83 According to Donald Marcus of Baylor and Arthur Grollman of Stony Brook, the issue is not whether the NIH should support research into alternative therapies—their popularity has made it imperative from a public-policy point of view to properly evaluate their efficacy and safety. Rather, the issue is whether NCCAM is the appropriate agency to do the evaluations. For both Marcus and Grollman, NCCAM has fallen below the threshold standards of other NIH institutes in that it “funds proposals of dubious merit; its research agenda is shaped more by politics than by science; and it is structured by its charter in a manner that precludes and independent review of its performance.” Over and over again, funding was granted for clinical trials of therapies (i.e., echinacea, saw palmetto) already long identified as having no more effective outcomes than the placebo controls. Equally disturbing, NCCAM’s review groups included individuals with both limited scientific credentials and potential conflicts of interest due to their association with the botanical industry. Finally, according to these authors, oversight of the NCCAM’s extramural programs had “escaped critical evaluation because its charter required a preponderance of proponents of alternative medicine on its council.” For these reasons, they conclude that the evaluation of alternative therapies would be better performed by other NIH centers and institutes.
84
Issues and controversies continue to trouble the relationship between the supporters of CAM and the supporters of normative science. The Internet has numerous sites that track NCCAM’s newsletters for misinformation; check the accuracy of comments Briggs gives in lectures and to the press; comment on NCCAM’s hesitancy to address CAM objections to vaccinations; take frequent note of its indecisiveness toward homeopathy; and criticize its tendency to promote CAM in general as well as specific CAM modalities prior to evidence-based studies. “It seems to us that the NCCAM (at least so far) has never closed the door on any modality, no matter how implausible and no matter how much evidence for lack of efficacy there is,” complains Yale clinical neurologist Steven Novella.

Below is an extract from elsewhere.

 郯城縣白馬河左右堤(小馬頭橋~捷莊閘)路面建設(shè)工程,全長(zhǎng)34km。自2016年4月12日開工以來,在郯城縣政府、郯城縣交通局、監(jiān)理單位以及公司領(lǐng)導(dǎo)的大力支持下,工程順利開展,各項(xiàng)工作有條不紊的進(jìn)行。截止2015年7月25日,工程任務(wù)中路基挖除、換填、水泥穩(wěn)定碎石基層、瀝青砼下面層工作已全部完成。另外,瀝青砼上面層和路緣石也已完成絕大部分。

NCCAM’s public statements show “strict adherence to evidence-based medicine and science being neutral, but interspersed with this is an uncritical presentation of ancient superstition as if it were science, and endorsement of treatments that are not backed by science.” This pattern, Novella concludes bitterly, has only confirmed his worst fears—that NCCAM’s “very existence, and the generally positive and uncritical information it provides to the public, is used to promote and endorse unscientific medical modalities.”
85
![image](images/bullet.png)
For the moment, it would appear that biomedicine has tamed postmodernism’s enthusiasm for CAM by finding ways to integrate those therapies proven successful and containing the remainder through rigorous clinical trials. Rather than fight the forces of history with all its potential risks, conventional medicine chose a seductive and pragmatic approach, one that it has used time and again to co-opt the power of its adversaries: adopting those elements that can be incorporated into itself. Terri Winnick describes this strategy as “co-optation,”
86 meaning that those remedies and treatments shown to be safe and efficacious have been absorbed into conventional medical practice and those that remain on the outside face a judgmental condemnation relegating them to existence as unproven, unaccredited, and unlicensed. Thus, although conceding to pressure from Congress for the establishment of OAM and NCCAM, conventional medicine has been able to ensure that the program’s activities would be guided in a publicly responsible manner through the strict application of an evidence-based pyramid using the normative methods of science. The fact that so few outcomes have been judged successful suggests that most CAM modalities are faith-based practices, placebos, the detritus of psychosomatic medicine, entrepreneurial expediency, or, worse, outright quackery.